En primer lugar, dicha teoría era contraria a la monarquía. Desarrollemos esto.

Para de la Hoz no hay oposición entre el absolutismo y la Constitución entendida en sentido laxo, sino entre la monarquía y el parlamentarismo. Siempre existía un poder en absoluto (absuelto) en el gobierno de los pueblos (p. 59), y o bien está en la Parlamento o bien en el monarca. Si está en el Parlamento, éste era un absoluto frente al monarca, mientras que la mayoría del propio Parlamento era otro absoluto frente al resto de diputados del Parlamento.

“Seamos francos: la autoridad de los reyes constitucionales no es

más que una quimera, una decepción, una burla; así como los gobiernos monárquico-parlamentarios no son más que una invención transitoria, adoptada sin duda para facilitar á las naciones su paso desde la monarquía verdadera á la república” (p. 74). El sistema liberal de mayorías parlamentarias en el gobierno que

llamaban monárquico-parlamentario, tenía sus claras contradicciones. En base a estas, la república coronada (término que de la Hoz no menciona) originaba, según de la Hoz, la peor ficción de Estado.

Si para poder hablar de gobierno monárquico-parlamentario, el Parlamento, con un poder absoluto, tenía que demostrar que el rey tenía algunas facultades, hoy, en las calendas de 2013, tiene que demostrar que no absorbe al poder judicial cuando el titular del poder ejecutivo se confunde con el titular del poder legislativo.

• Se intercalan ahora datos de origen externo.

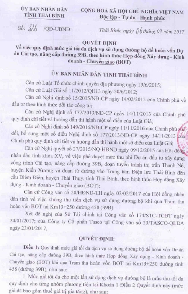 Sáng 8/2, trao đổi với PV Pháp luật Plus, đại diện Văn phòng UBND tỉnh Thái Bình cho biết, UBND tỉnh này vừa ra Quyết định số 326/QĐ-UBND ngày 6/2/2017 do chủ tịch UBND tỉnh Thái Bình, ông Nguyễn Hồng Diên ký về việc quy định mức giá tối đa dịch vụ sử dụng đường bộ để hoàn vốn Dự án Cải tạo, nâng cấp đường 39B, theo hình thức Hợp đồng xây dựng - Kinh doanh - Chuyển giao (BOT).
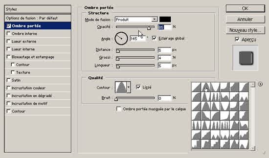 Etape 4 : A gauche, dans la colonne des styles, cliquez sur Ombre portée, puis sur Aperçu, mettez le mode de fusion sur Produit, l'Opacité sur 85, l'Angle sur 145°, la Distance à 5 pixels, le Grossi à 4%, la Longueur sur 5 pixels et le Contour sur Cône. voir figure ci-dessous. |

Sobre el gran peligro de las ficciones que ocultaban los errores del parlamentarismo (tan distinto al presidencialismo norteamericano o francés), decía de la Hoz:

“Ahora bien: ¿han podido los hombres inventar un régimen

político más perturbador, más infecundo y ruinoso? Se nos figura que no. Aunque no tuviera más defecto que el de dar á cada uno de los poderes que constituye tan falsa idea de sus facultades, sería ya eterno manantial de públicas desgracias; porque, tengámoslo bien presente, el peor de todos los gobiernos es aquel cuyo nombre y formas exteriores están en oposición con su verdadera é íntima naturaleza. Si las fuerzas están realmente acumuladas en las manos de uno, y se dice que están repartidas con igualdad entre las de dos; si se finge que hay un trono, y el trono no existe en realidad; si al supuesto rey se le dan específicamente facultades que implícita y necesariamente están comprendidas en las genéricas dadas al Parlamento, claro es que habrá creado un motivo de perpetuo litigio entre los altos poderes políticos, un motivo de eternas y sangrientas querellas en el Estado. Puestas en lucha la ficción y la realidad, ni lo ficticio dejará nunca de serlo, ni lo real dejará tampoco de encontrar estorbos en lo ficticio (…)” (o. cit., pág. 75-76) (el subrayado es nuestro).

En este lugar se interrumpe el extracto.